The overall average inter-annotator kappa statistic for medical events, coreferences, temporal relations, and medical event concept unique identifiers was 0.843, 0.859, 0.833, and 0.806 (Table 5), respectively, all of which show excellent agreement.13 The average pairwise Cohen’s kappa is highest between when medstud is paired with other annotators (kappa=0.86). The average of the pairwise agreement among the nurse practitioners is 0.846, whereas the average of the pairwise Cohen’s kappa between each nstud/np from the nursing group and medstud is 0.82. This is across all three categories medical events, coreferences, and temporal relations.
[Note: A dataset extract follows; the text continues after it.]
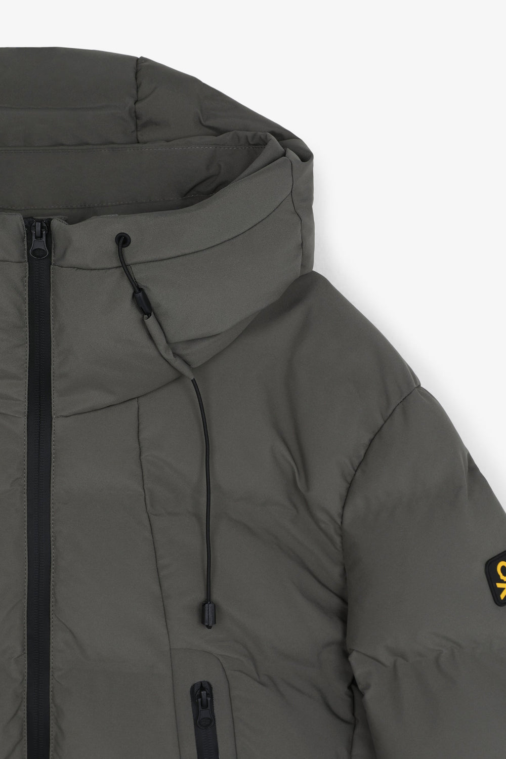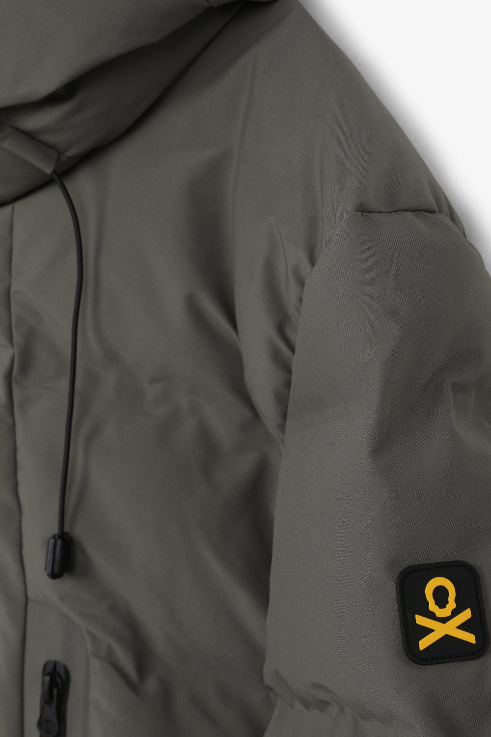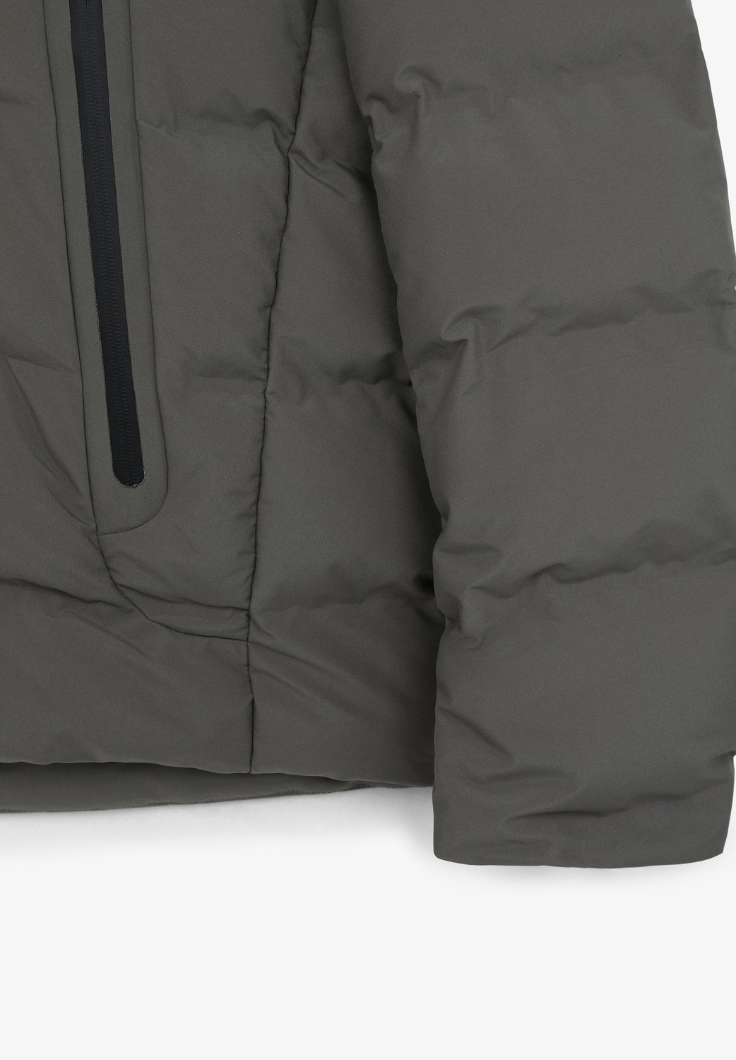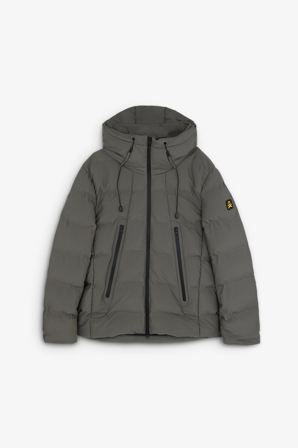 Padded technical ski jacket made of special technical fabric with windproof and waterproof properties. Regular fit cut, hooded collar with zip-foldable hood. Zip fastening with waterproof seals. Panel construction and heat sealed bands. Interior zipped security pocket, interior side mesh pockets and oversized front pockets. Rubberised sleeve patch detail.

While overall agreement for coreferences is already high (0.859), it may be an underestimate. We did not consider transitive closure in our calculations. For example, if annotator #1 marked events A and B corefer, B and C corefer, and A and C corefer, but annotator #2 marked events A and B corefer and B and C corefer, we still consider there to be a missing annotation (A and C corefer).
Error Analysis
While the inter-annotator agreement for medical event CUIs was lower than for medical events, coreference, and temporal relations, agreement was still very high. Figure 1 indicates that the pattern of agreement across various annotations by different annotators with varying clinical expertise is more or less uniform.
In an analysis of the reason behind the discrepancies we discovered that in many cases there was either a discrepancy in the granularity to which the medical events were coded or whether or not clinical judgment was used in selecting the CUI. For example, all of our annotators marked “B-Cell CLL” as an event. The three NPs coded this term as “C0023434: Chronic Lymphocytic Leukemia.” Both medstud and nstud coded this event as “C0475774: B-cell chronic lymphocytic leukemia variant.” While both could be considered correct annotations for “B-Cell CLL,” C0475774 is the more specific term. In another example, all of the annotators marked the phrase “white blood cell count of 10,000.” For this situation, medstud selected “C0750426: white blood cell count increased,” while nstud selected “C0023508: White Blood Cell count procedure.” In contrast, all three NPs selected different CUIs, applying clinical judgment to the medical events. Np2 selected “C0860797: differential white blood cell count normal.” Overall we found the medical student’s (who did not have any real life clinic experience) annotations remained true to what was observed and could be inferred based on the data. However, the nursing student and the nurse practitioners often used clinical judgment to infer certain annotations that were not directly observed in the data. For instance, classifying something as an acute condition based on certain readings or values in the text.
Discussion
The temporal constraint structure (TCS) proposed by Zhou et al.1 was restricted to individual discharge summaries. Our annotation scheme is intended to capture medical event attributes in longitudinal patient data found in the form of clinical text in admission and progress notes, radiology and pathology reports, discharge summaries and other types of clinical notes. Given these attributes, we can build systems to automatically induce the TCS. The TCS represents medical events related temporally and constrained by time. These can be learned with the help of the medical event annotations and the temporal relation annotations respectively. We can further improve this structure by resolving coreferences between medical events that are the same. This leads to a more accurate and effective TCS representation for temporal reasoning between medical events. Moreover, since our annotations capture attributes in longitudinal patient data, the induced TCS can be used to temporally reason across medical events found in various clinical narratives of a patient. As a step in this direction, our initial efforts towards learning a coarse temporal order for medical events within a clinical narrative is explained in Raghavan et.al.14 Further, our efforts towards automatically learning pairs of medical events that corefer is illustrated in Raghavan et al.15, 16.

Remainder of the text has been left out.